Тексты песен у них имелись, играли они на музыкальных инструментах неплохо, оставалось только привыкнуть друг к другу и попрактиковать. От них не требовалось знание слов, потому как музыкальное оборудование позволяло незаметно для зрителей считывать тексты с листков, разложенных среди инструментов.

А вот с литературным монтажем дело обстояло значительно хуже. Увы, почти все воины за эти две недели так и не смогли заучить стихи наизусть.

В советской школе гражданам прививали такое неимоверное отвращение к заучиванию чего бы то ни было, что впоследствии это приводило к формированию своеобразного психологического комплекса, преодолевать который удавалось не каждому.

Зайцев бился со своими подопечными как рыба об лед, пока не понял, что все его попытки заставить их выучить стихи, бесполезны.

- Что делать, Вася? - спросил он как-то Таманского. - Ну-ка, гады, не могут выучить каких-нибудь восемь строк!

- Знаешь что, - ответил тот, - а почему бы не дать им возможность считывать с листка? Какая разница, наизусть или так они прочитают стихи?

- Как это «какая разница»?! - возмутился Зайцев. - Да разве это выступление - «по бумажке»? Возникнет видимость, что мы сделали все наспех и совершенно не готовились! Жюри за такое не похвалит!

О возникшей проблеме Иван рассказал Розенфельду, пришедшему на одну из последних репетиций. Тот сначала вскипел и разорался:- Ах, вы, иоп вашу мать! Неужели трудно выучить восемь строчек?! - Он посмотрел в сторону «молодых» воинов и поднял вверх кулак. - Это вы нарочно не хотите учить! Лодыри! Разгильдяи!

Но от крика и ругательств командира роты пользы делу, увы, не было. Даже наоборот, чтецы стали еще больше волноваться и даже сбиваться при чтении с листка.

- Кого ты набрал? Это же долбоиобы! - возмущался Розенфельд. - Таким не место в хозяйственной роте! Надо отправлять их в кабельно-монтажный батальон! Пусть роют ямы!

Но тут Ивану пришла в голову одна мысль. - Товарищ капитан, - сказал он, - а ведь в других ротах солдаты ничем не лучше!

- Это в каком смысле? - насторожился Розенфельд.

- Да в том, что если наши ребята, отобранные из лучших выпускников учебного батальона, неспособны выучить двух четверостиший, почему мы считаем, что солдаты других рот справятся с этим?

- Ты думаешь, что там такие же раздолбаи? - засомневался командир роты.

- Я думаю, что похлеще, - ответил Иван. - В учебном батальоне, например, много выходцев из Средней Азии. А они, как известно, не очень хорошо знают русский язык. Да в других ротах…Или я не помню, как в «учебке» готовились к самодеятельности! В основных подразделениях, в большинстве своем, служат бывшие курсанты, интеллектуальный уровень которых очень невысок…

- Да ты, конечно, прав, - согласился Розенфельд. - Но нам от этого не легче! Хотелось бы, конечно, провести концерт, как говорится, «без сучка, без задоринки»…А тут такой ляпсус!

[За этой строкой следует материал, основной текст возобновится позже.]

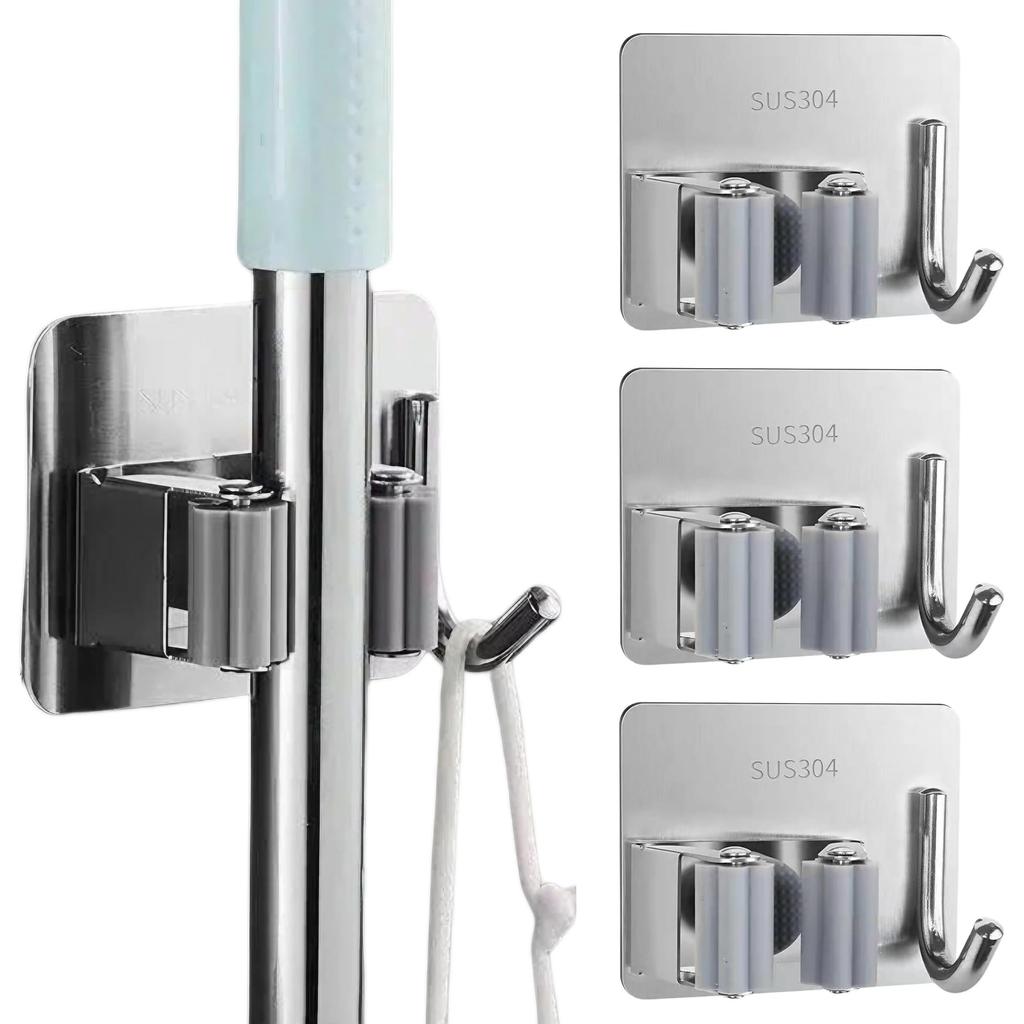 [Kein Bohren erforderlich - Sicher für Mietwohnungen] Die starke Kleberückseite ermöglicht eine einfache Installation ohne Bohrlöcher in der Wand. Kompatibel mit glatten Oberflächen wie Fliesen, Glas und Metall. [Hergestellt aus hochwertigem 304 Edelstahl] Hergestellt aus langlebigem 304 Edelstahl, ist es rostbeständig und langlebig, selbst in nassen und feuchten Bereichen.. Es sieht auch stilvoll aus. [Mit Haken für Vielseitigkeit] Das Hakendesign ermöglicht es Ihnen, nicht nur Mopps und Besen aufzuhängen, sondern auch kleine Gegenstände wie Putzlappen und Reinigungsbürsten. Extrem praktisch. [Rutschfeste Rollen] Die fest zupackenden Rollen halten den Mopp sicher fest und verhindern, dass er abrutscht. [Platzsparendes & Stilvolles Design] Die kompakte Größe von 8 cm Breite x 5,3 cm Tiefe x 6,5 cm Höhe ermöglicht die Installation überall, einschließlich Eingangsbereichen, Badezimmern, Küchen und Garagen. Empfohlen für: Mietwohnungen, die Reinigungsmittel lagern möchten, ohne die Wände zu beschädigen. Auf der Suche nach einer stilvollen, platzsparenden Aufbewahrungslösung für Reinigungswerkzeuge. Möchten Sie nicht nur Wischmopps und Besen, sondern auch andere kleine Gegenstände organisieren?. Spezifikationen: Menge: 3-teiliges Set. Installation: Selbstklebend (kein Bohren erforderlich, doppelseitiges Klebeband). Material: Edelstahl 304, rutschfestes Gummi. Maße: Ca.. B8xT5.3xH6.
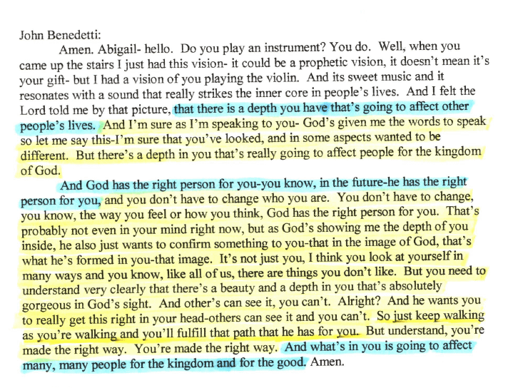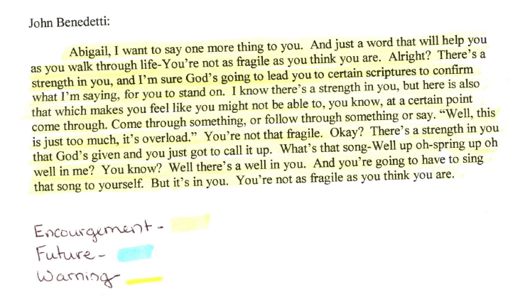 I was instructed to transcribe the audio from the cassette tape and highlight the different portions of the prophecy, so I dutifully obeyed.
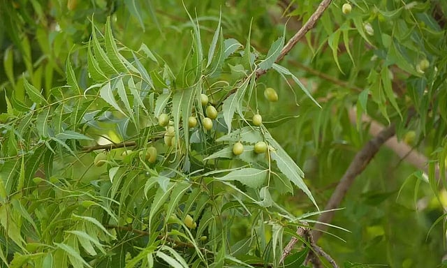 The neem leaves are very good for the skin. Dried neem leaf powder has a lot of medicinal properties. Neem leaves purify the air. According to astrology, the neem tree is associated with Shani (Saturn) and Ketu. So the neem tree should be planted in the house to get relief from these two malefic planets. Taking a bath with neem leaves can reduce bad effects of Ketu. Similarly, performing havan (Fire worship) with neem wood can remove ill effects of Shani.
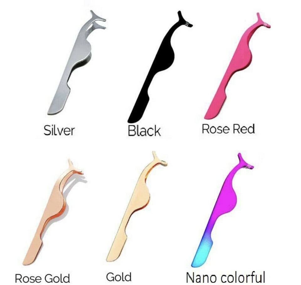 Professional Stainless Steel Eyelash Tweezer False Eyelashes Applicator Tool Black 6 Colours
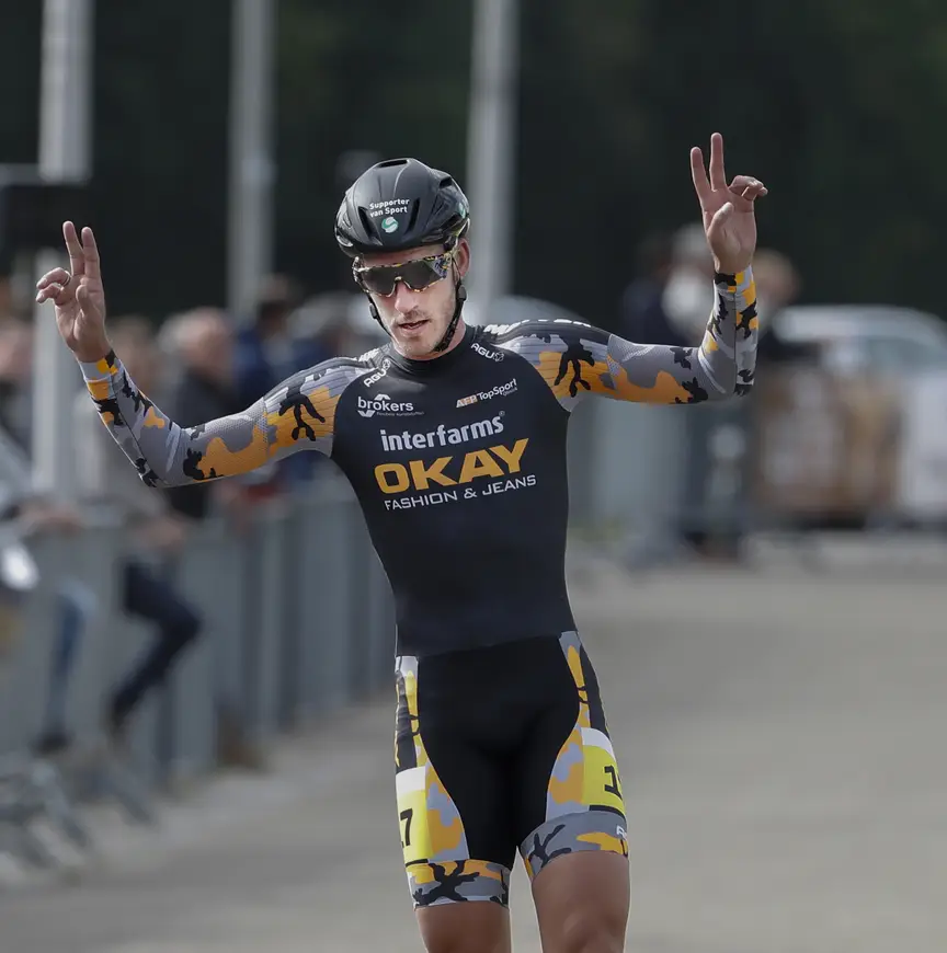 De omloop in Staphorst werd dit jaar niet buitenom gereden – een parcours met heuveltjes – maar op de binnenbaan van evenemententerrein De Tippe. Een overzichtelijk en vlak rondje van 730 meter waarin de rijders elkaar overal goed in de smiezen konden houden. Na veertig rondjes kwam Berga rechtop en met z'n vingers in de lucht over de streep. Op elf seconden volgde ploeggenoot Crispijn Ariëns en daarachter won Casper de Gier de sprint om brons van drie medeachtervolgers. "Net op tijd gaat het weer de goede kant op", vertelt Berga met een lach.

- Знаете что, товарищ капитан? - перебил его Зайцев. - А если мы попробуем положить листочки с текстами стихов на спины стоящих в первом ряду ребят? Значит, весь второй ряд сможет считывать стихи с бумажки! К тому же самые рослые и здоровенные обычно самые тупые…Как говорится: «сила есть, ума не надо»!

- А это - идея! - встрепенулся Розенфельд. - Ну-ка, давай попробуем!

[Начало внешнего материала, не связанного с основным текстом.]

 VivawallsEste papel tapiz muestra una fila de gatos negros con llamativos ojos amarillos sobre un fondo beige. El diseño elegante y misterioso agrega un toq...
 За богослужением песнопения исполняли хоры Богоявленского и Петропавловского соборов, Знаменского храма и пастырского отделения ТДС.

Воины построились в две шеренги.

Действительно, почти все рослые парни из второй шеренги не смогли выучить стихи.

- Попробуйте-ка положить ваши шпаргалки на спины ребят первой шеренги, - распорядился Розенфельд. - Будете читать с бумажки!

Воины повеселели.

Однако радость участников монтажа и их руководителей оказалась преждевременной. В процессе чтения солдаты переминались с ноги на ногу, двигались корпусом, словом, занимали неустойчивые позиции, и листки со стихами скатывались с их спин.

- Это никуда не годится! - нахмурился Розенфельд. - Наклоняться во время исполнения программ даже еще хуже, чем считывать с листка в открытую!

- Может приклеить листки к спинам? - предложил Таманский.

- Да ты что? - возразил Зайцев. - А как они будут выходить на сцену? Листки ведь будут видны! А это же провал!

- Действительно, - кивнул головой Розенфельд, - это не пойдет! А что если они будут держать листки в руках и незаметно за спиной товарищей подглядывать в тексты? Ведь члены жюри могут не увидеть этого?